Repeat the listing exactly, line by line, and leave the pictures behind.

SOURCE MATERIAL ::
--- START ---

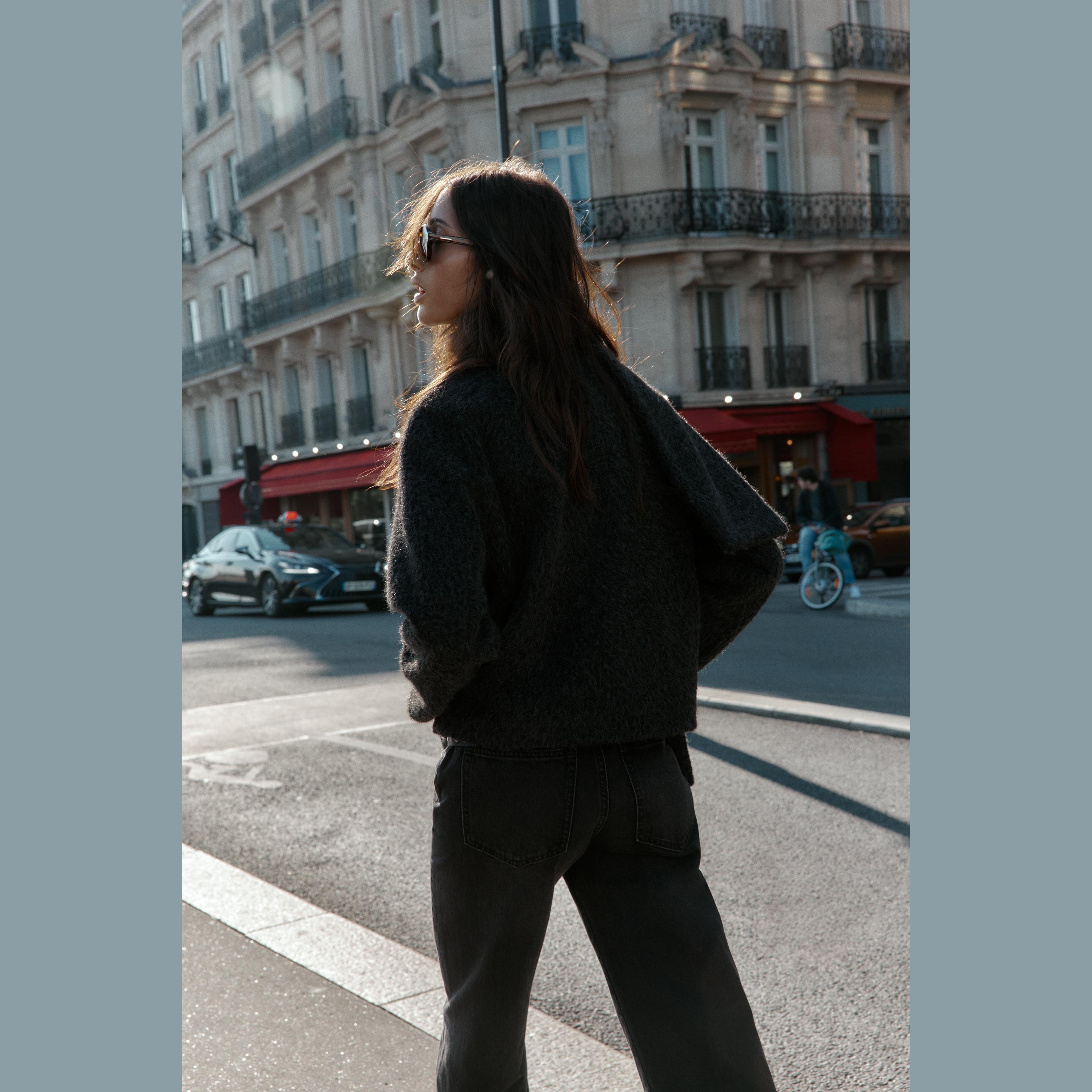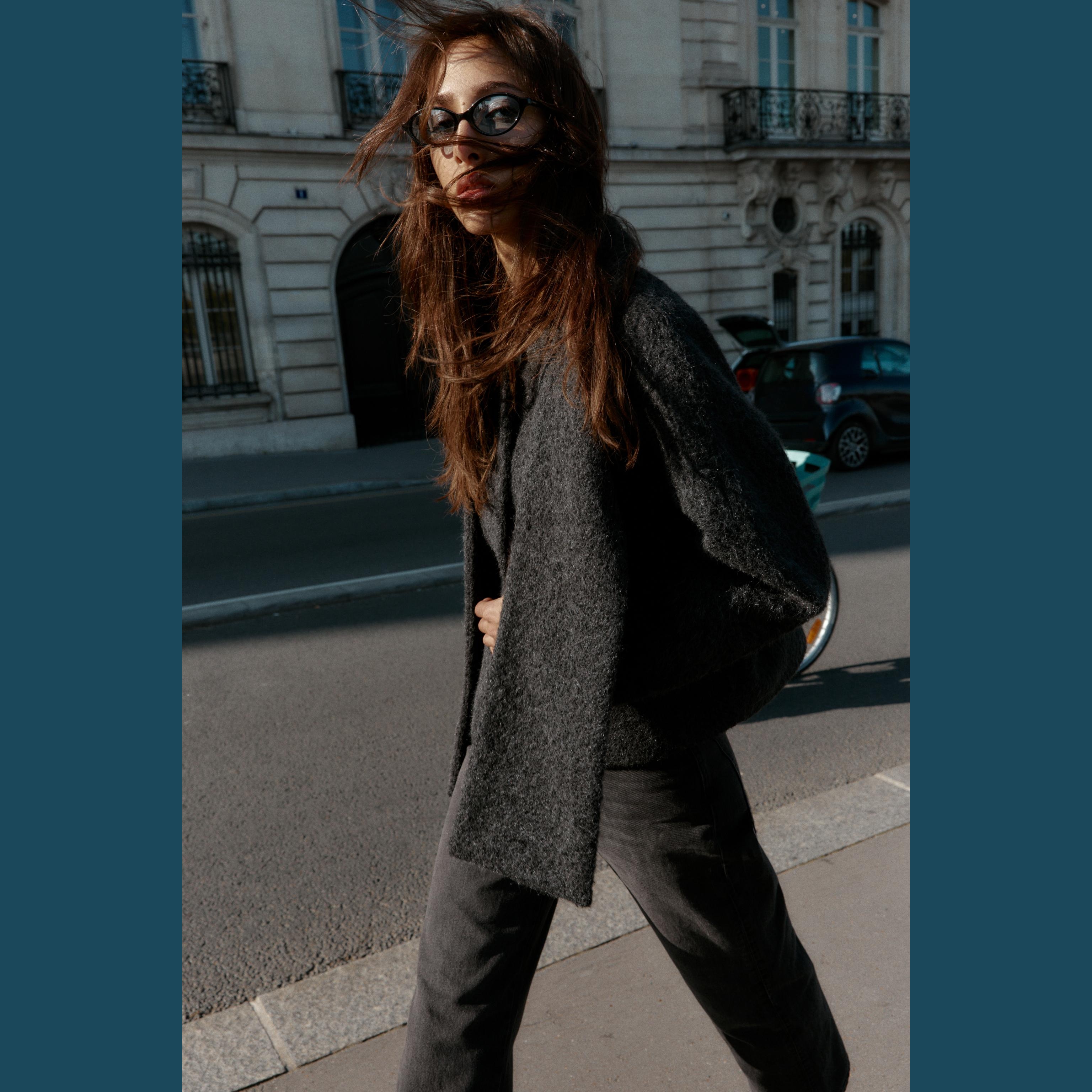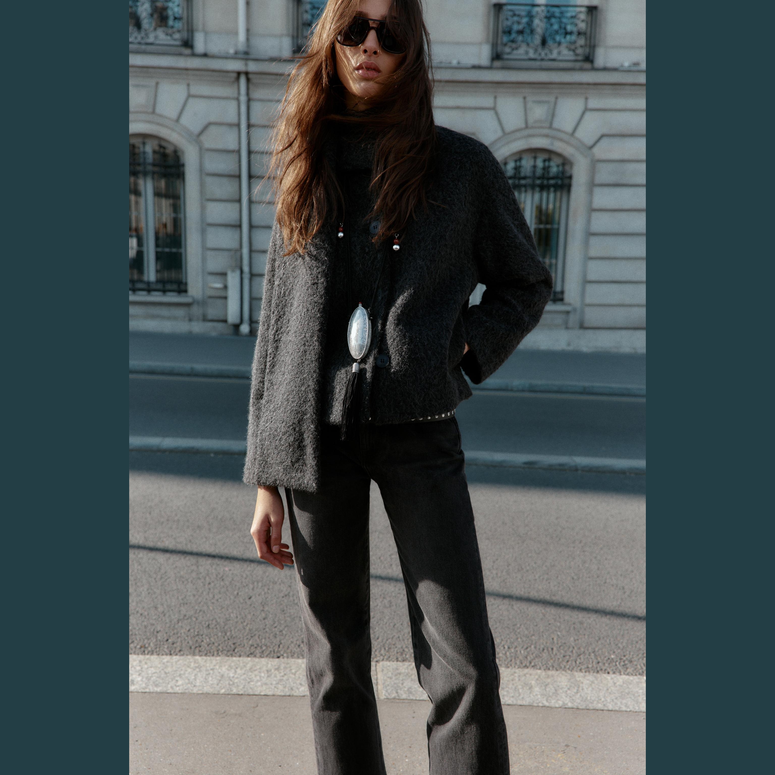 معطف قصير أنيق بلون رمادي داكن حيادي، مصنوع من خامة البوكليه الناعمة يمنح مظهرًا عصريًا ودفئًا في الارتداء. يتميز بياقة مستديرة وأكمام طويلة، مع وشاح قابل للفصل مثبت بأزرار مخفية، وإغلاق أمامي بالأزرار. تصميم مثالي للإطلالات اليومية أو الرسمية في المواسم الباردة.
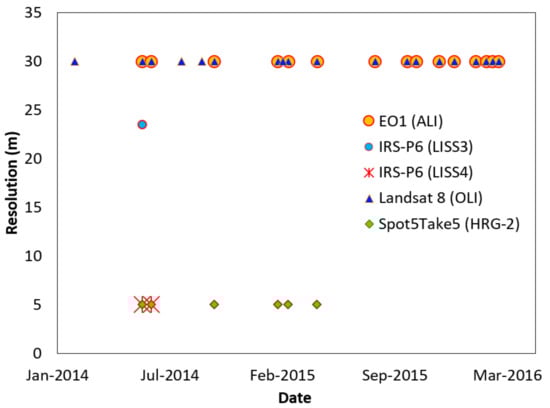 Clouds are the greatest obstacle to using the images from the same satellite for an entire study period. To address the unavailability of time-series images from the same satellite due to cloud cover, we obtained optical images from several platforms, including LS8, S5T5, EO1-ALI, and the Indian Remote Sensing (IRS) satellite IRS-P6 (Figure 2). LS8 OLI images, EO1-ALI images, High Resolution Geometrical sensor images from S5T5, and Linear Imaging Self Scanning Sensor (LISS-3 and LISS-4) images from IRS-P6 (Resourcesat-2) were obtained from the summer season of 2014 to that of 2016. All images obtained were pre-processed for atmospheric correction using the Second Simulation of a Satellite Signal in the Solar Spectrum [,,] radiative transfer model, followed by a geometric correction. A total of 43 optical satellite cloud-free images from multiple platforms were obtained (Figure 2).
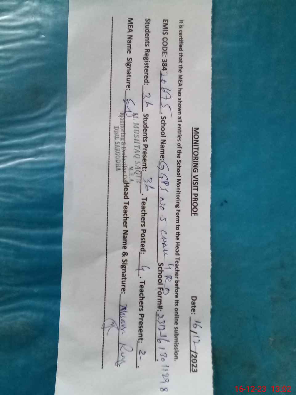 | EMIS Code: 38420695 | Name of School: GGPS NO 5 CHAK NO 4 REMOUNT DEPOT | |||
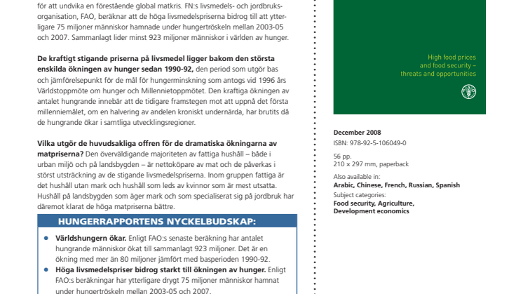 "De globala matpriserna har minskat sedan årets början, men lägre priser har inte minskat matkrisen i många fattiga länder," framhåller Hafez Ghanem, undergeneraldirektör i FAO, som idag presenterar årets Hungerrapport, kallad The State of Food Insecurity in the World 2008.
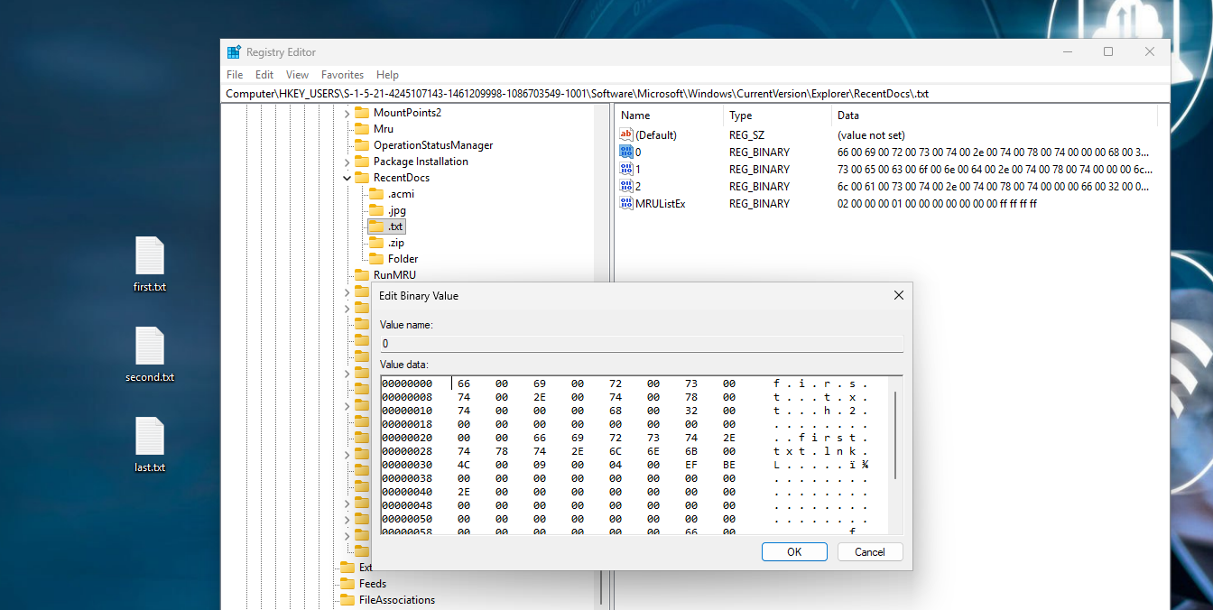I first launched the Registry Editor and checked NTUSER.DAT\Software\Microsoft\Windows\Current Version\Explorer\RecentDocs\.txt
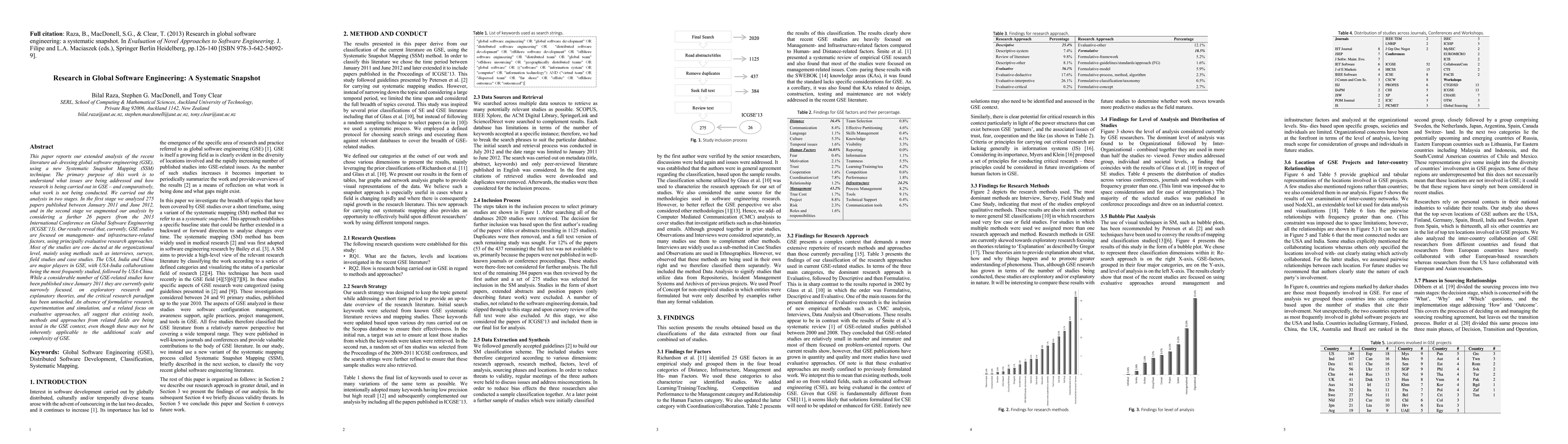This research utilized a Systematic Snapshot Mapping (SSM) technique to analyze 275 papers published between 2011-2013, focusing on global software engineering (GSE) studies. The analysis was divided into two stages, initially examining papers from 2011-2012 and then augmenting with 26 papers from the 2013 ICGSE conference.
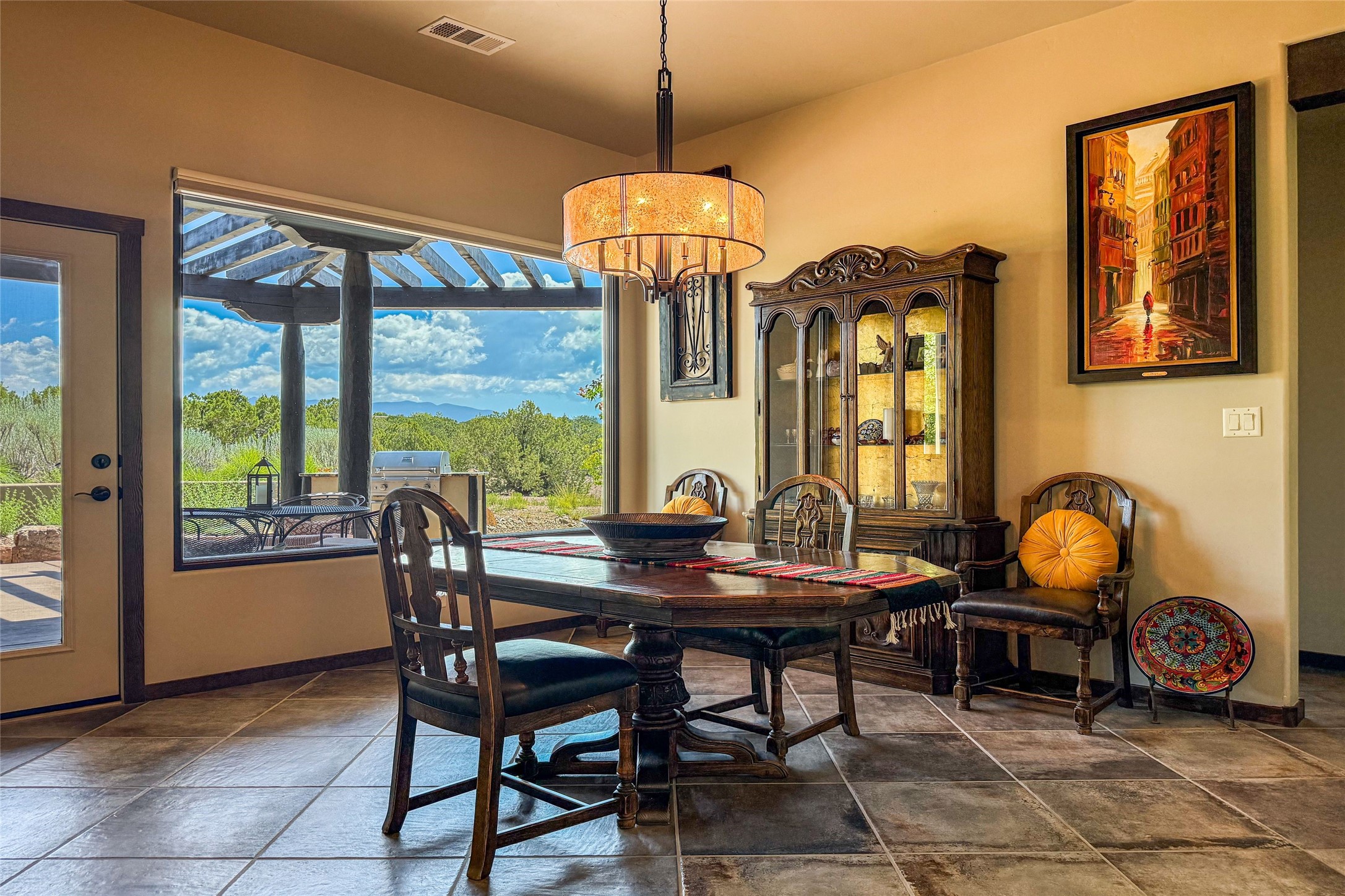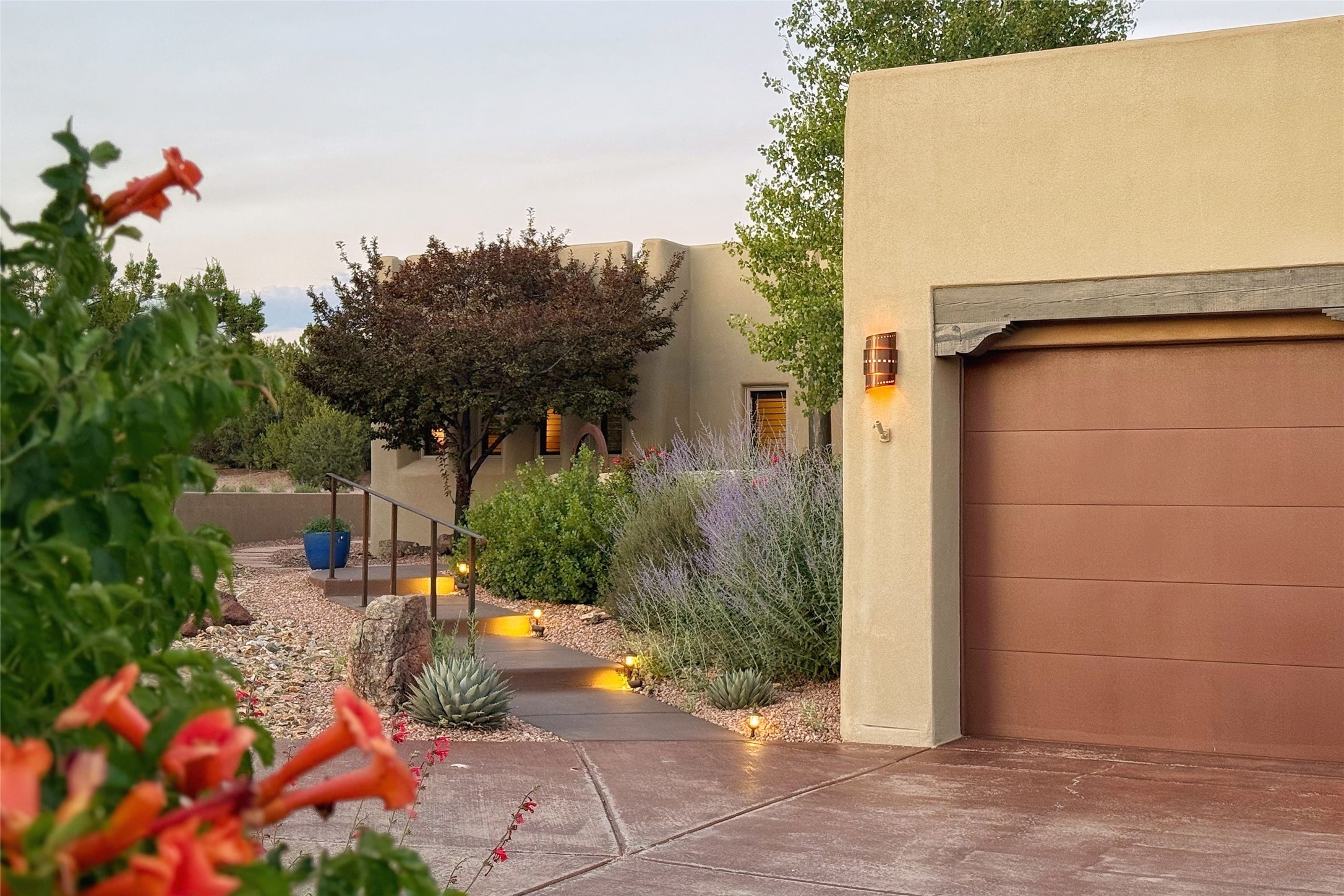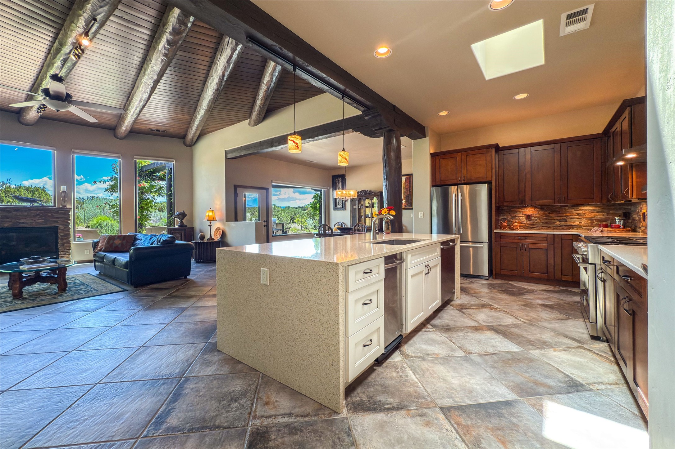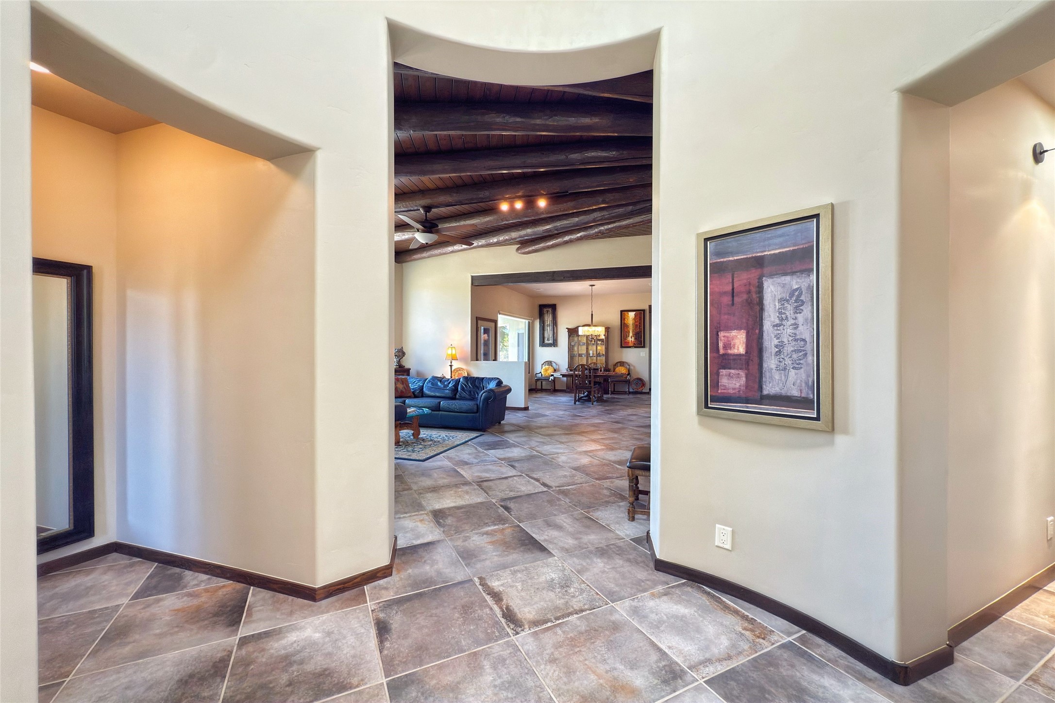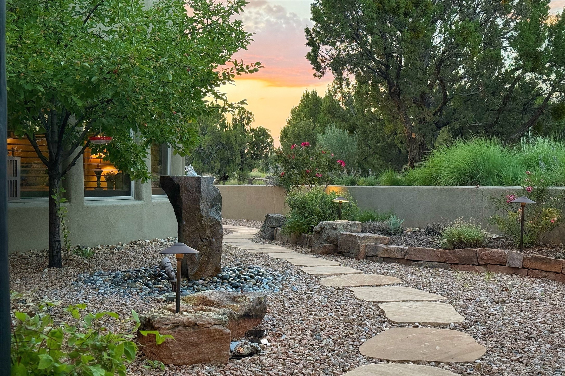 Peaceful elegance with sunset views. Welcome to a serene, custom-crafted sanctuary where timeless design meets contemporary comfort. Nestled in a quiet setting, this exceptional property offers stunning Sangre and Jemez mountain views, just minutes from the exclusive amenities of Las Campanas, including the Ranch Estates equestrian facilities. Every detail of this thoughtfully designed home reflects architectural elegance and ease of living. Distinctive arches, stained ceiling beams, and porcelain tile flooring create an inviting aesthetic. The curved hallways eliminate visible doorways in main areas, encouraging seamless, tranquil flow. The living room features an Anasazi stacked stone fireplace, expansive bay windows, and programmable remote-controlled shades. The chef's kitchen offers a large waterfall island, JennAir appliances, Fulgor range, custom cabinetry, and Anasazi stone backsplash--ideal for both daily use and stylish entertaining. A State-of-the-art sound studio capable of professional music production features hardwood flooring and was built using a sophisticated, advanced sound proofing wall spring system which effectively blocks noise and vibration transfer. The studio has a dedicated 20-amp panel, and mini split for comfort. This space would make an excellent media room for anyone! The spacious primary suite includes a gas kiva fireplace, large picture windows with Sangre views, portal access, and a spa-like bath with Caesarstone finishes, corner windows, and oversized shower. Two additional ensuite bedrooms--one with bay windows and one flex/guest space--offer comfort and versatility. Outdoor living includes a built-in grill, granite counters, water feature, and flagstone paths winding through native landscaping and a 4-cistern-fed irrigation system. Additional highlights include custom wood shutters on all windows, skylights throughout, stained doors/baseboards, new paint, and new tankless water heater. A rare blend of elegance, privacy, and ease.

--- END ---

FINAL ANSWER ::
 معطف قصير أنيق بلون رمادي داكن حيادي، مصنوع من خامة البوكليه الناعمة يمنح مظهرًا عصريًا ودفئًا في الارتداء. يتميز بياقة مستديرة وأكمام طويلة، مع وشاح قابل للفصل مثبت بأزرار مخفية، وإغلاق أمامي بالأزرار. تصميم مثالي للإطلالات اليومية أو الرسمية في المواسم الباردة.
 Clouds are the greatest obstacle to using the images from the same satellite for an entire study period. To address the unavailability of time-series images from the same satellite due to cloud cover, we obtained optical images from several platforms, including LS8, S5T5, EO1-ALI, and the Indian Remote Sensing (IRS) satellite IRS-P6 (Figure 2). LS8 OLI images, EO1-ALI images, High Resolution Geometrical sensor images from S5T5, and Linear Imaging Self Scanning Sensor (LISS-3 and LISS-4) images from IRS-P6 (Resourcesat-2) were obtained from the summer season of 2014 to that of 2016. All images obtained were pre-processed for atmospheric correction using the Second Simulation of a Satellite Signal in the Solar Spectrum [,,] radiative transfer model, followed by a geometric correction. A total of 43 optical satellite cloud-free images from multiple platforms were obtained (Figure 2).
 | EMIS Code: 38420695 | Name of School: GGPS NO 5 CHAK NO 4 REMOUNT DEPOT | |||
 "De globala matpriserna har minskat sedan årets början, men lägre priser har inte minskat matkrisen i många fattiga länder," framhåller Hafez Ghanem, undergeneraldirektör i FAO, som idag presenterar årets Hungerrapport, kallad The State of Food Insecurity in the World 2008.
I first launched the Registry Editor and checked NTUSER.DAT\Software\Microsoft\Windows\Current Version\Explorer\RecentDocs\.txt
This research utilized a Systematic Snapshot Mapping (SSM) technique to analyze 275 papers published between 2011-2013, focusing on global software engineering (GSE) studies. The analysis was divided into two stages, initially examining papers from 2011-2012 and then augmenting with 26 papers from the 2013 ICGSE conference.
 Peaceful elegance with sunset views. Welcome to a serene, custom-crafted sanctuary where timeless design meets contemporary comfort. Nestled in a quiet setting, this exceptional property offers stunning Sangre and Jemez mountain views, just minutes from the exclusive amenities of Las Campanas, including the Ranch Estates equestrian facilities. Every detail of this thoughtfully designed home reflects architectural elegance and ease of living. Distinctive arches, stained ceiling beams, and porcelain tile flooring create an inviting aesthetic. The curved hallways eliminate visible doorways in main areas, encouraging seamless, tranquil flow. The living room features an Anasazi stacked stone fireplace, expansive bay windows, and programmable remote-controlled shades. The chef's kitchen offers a large waterfall island, JennAir appliances, Fulgor range, custom cabinetry, and Anasazi stone backsplash--ideal for both daily use and stylish entertaining. A State-of-the-art sound studio capable of professional music production features hardwood flooring and was built using a sophisticated, advanced sound proofing wall spring system which effectively blocks noise and vibration transfer. The studio has a dedicated 20-amp panel, and mini split for comfort. This space would make an excellent media room for anyone! The spacious primary suite includes a gas kiva fireplace, large picture windows with Sangre views, portal access, and a spa-like bath with Caesarstone finishes, corner windows, and oversized shower. Two additional ensuite bedrooms--one with bay windows and one flex/guest space--offer comfort and versatility. Outdoor living includes a built-in grill, granite counters, water feature, and flagstone paths winding through native landscaping and a 4-cistern-fed irrigation system. Additional highlights include custom wood shutters on all windows, skylights throughout, stained doors/baseboards, new paint, and new tankless water heater. A rare blend of elegance, privacy, and ease.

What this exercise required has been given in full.